DATA LISTING:
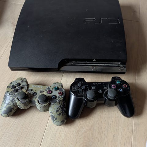 Sony Playstation 3 spillkonsoll med tilbehør inkludert rattkontroller og kontroller. HP skjerm følger med. Kan sendes.
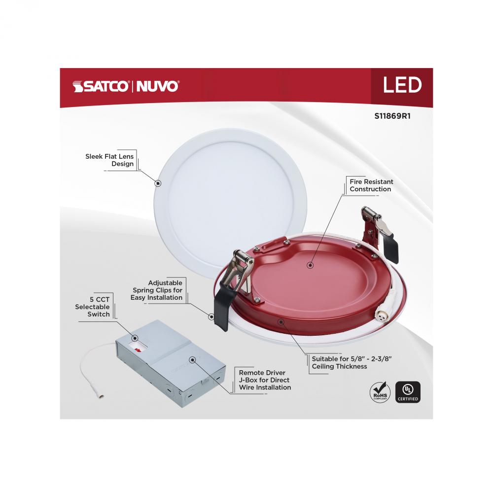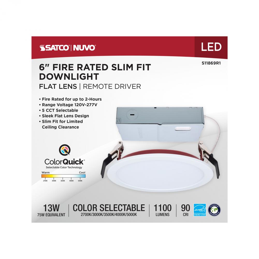 13 Watt LED; Fire Rated 6 Inch; Direct Wire Slim Fit Flat Face Downlight; Round Shape; White Finish; CCT Selectable; 120-277 Volts; 0-10V Dimmable
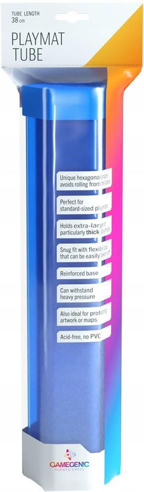Półprzezroczysta niebieska tuba na matę do gry CZYM JEST PLAYMAT TUBE? Rewolucja wśród tub na maty do gry! Przedstawiamy w pełni profesjonalne opakowanie na Twoją ulubioną matę. Innowacyjna Playmat Tube wyróżnia się wśród podobnych produktów dostępnych na rynku. Doświadczeni gracze z pewnością pokochają unikalny kształt tego pojemnika, zapobiegający "uciekaniu" tuby ze stołu. Playmat Tube została wykonana z wytrzymałego tworzywa PETG, który zapewni odporność nie tylko na mechaniczne uszkodzenia, ale także na ogrzewanie oraz krystalizację, która z czasem może wywoływać kruszenie się standardowego tworzywa PET. Antypoślizgowa silikonowa zawleczka zapobiega przypadkowemu otwarciu się tuby i nieplanowanemu przemieszczaniu się maty. Playmat Tube idealnie sprawdzi się jako pojemnik do przechowywania standardowych rozmiarów mat, jednak pomieści również wyjątkowo długie i grube maty. Jej wymiary to 75 x 385 mm. GAMEGENIC Wychodząc naprzeciw oczekiwaniom fanów, firma Gamegenic stworzyła linię akcesoriów dedykowanych graczom. Marka Gamegenic to szereg produktów najwyższej jakości z możliwością niespotykanej dotąd personalizacji.
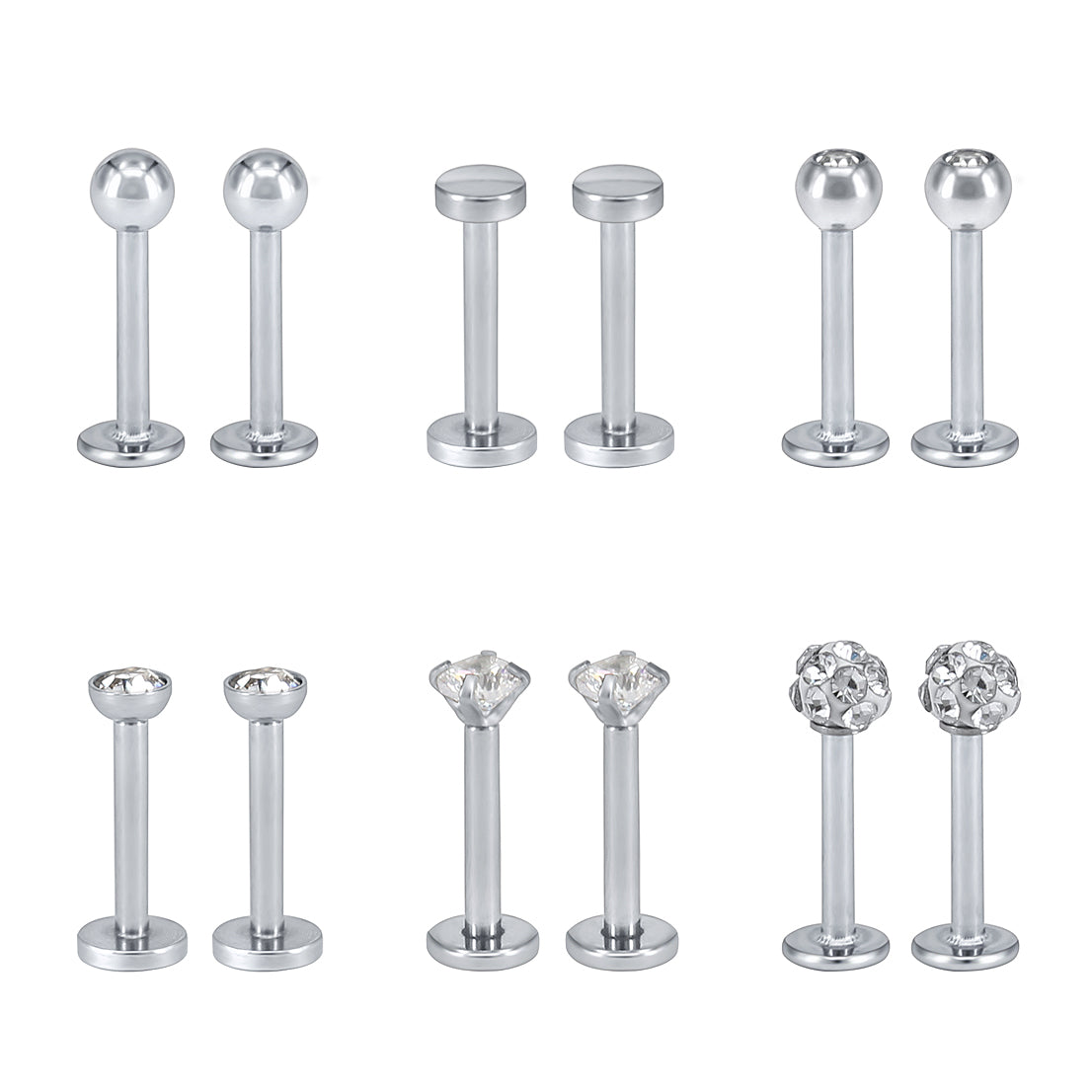 12Pcs/set 16G Crystal Ball Labret Rings Claws Monroe Conch Helix Cartilage Lip Piercing-Set
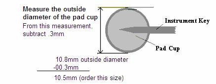 1. If you are measuring the pad cup while the key is on the instrument. Measure the outside diameter of the pad cup. Subtract 0.3mm from that measurement.
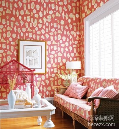 栩栩如生的黃色貝殼圖案布滿了墻面和沙發(fā),珊瑚白色和暖紅色相搭配,共同營造出另類風(fēng)情的海底世界。

REQUIREMENT:
What belongs in the answer is each line above from the line with "Półprzezroczysta niebieska tuba" to the line with "12Pcs/set 16G Crystal", inclusive, reproduced exactly and free of pictures.

COMPLETED TASK:
Półprzezroczysta niebieska tuba na matę do gry CZYM JEST PLAYMAT TUBE? Rewolucja wśród tub na maty do gry! Przedstawiamy w pełni profesjonalne opakowanie na Twoją ulubioną matę. Innowacyjna Playmat Tube wyróżnia się wśród podobnych produktów dostępnych na rynku. Doświadczeni gracze z pewnością pokochają unikalny kształt tego pojemnika, zapobiegający "uciekaniu" tuby ze stołu. Playmat Tube została wykonana z wytrzymałego tworzywa PETG, który zapewni odporność nie tylko na mechaniczne uszkodzenia, ale także na ogrzewanie oraz krystalizację, która z czasem może wywoływać kruszenie się standardowego tworzywa PET. Antypoślizgowa silikonowa zawleczka zapobiega przypadkowemu otwarciu się tuby i nieplanowanemu przemieszczaniu się maty. Playmat Tube idealnie sprawdzi się jako pojemnik do przechowywania standardowych rozmiarów mat, jednak pomieści również wyjątkowo długie i grube maty. Jej wymiary to 75 x 385 mm. GAMEGENIC Wychodząc naprzeciw oczekiwaniom fanów, firma Gamegenic stworzyła linię akcesoriów dedykowanych graczom. Marka Gamegenic to szereg produktów najwyższej jakości z możliwością niespotykanej dotąd personalizacji.
 12Pcs/set 16G Crystal Ball Labret Rings Claws Monroe Conch Helix Cartilage Lip Piercing-Set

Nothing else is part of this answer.